We are a nation of consumers. Even though we may not want to admit it, most of us wish to consume more of the luxuries of life with little to no trade off. The headwinds against consumption are our preferences and our budgetary constraints. In this chapter we define and graph the consumer’s budget constraints. We also measure the preferences of the consumer through indifference curves. An indifference curve is a curve that shows consumption bundles that give the consumer the same level of satisfaction. We can utilize the slope of the indifference curve to determine the rate at which a consumer would trade one good for another, otherwise known as the marginal rate of substitution (MRS). 

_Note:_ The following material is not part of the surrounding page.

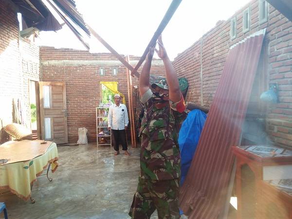 Kondisi rumah warga yang atapnya rusak diterjang angin.

A consumer’s choice is dependent on his budget constraint and his preferences for consumption. If we were to display this graphically, the optimum point of consumption would at the point which the indifference curve is tangent to the budget constraint. For the consumer to obtain maximum consumption, he would need choose the point at which the MRS= relative price (rate at which the market would trade one good for another).
Shifts in income can impact the budget constraints line shifting it outward. This shift leads to increase consumption since the consumer will most likely choose the higher indifference curve.

The most confusing part of this chapter for me was trying to find out why there are 2 indifference curves in every example. From my understanding, indifference curves represent different combinations of bundles the consumer could have. If each graph has 1 budget constraint, because there’s only one income, then wouldn't there only be 1 indifference curve, because there’s only one consumer?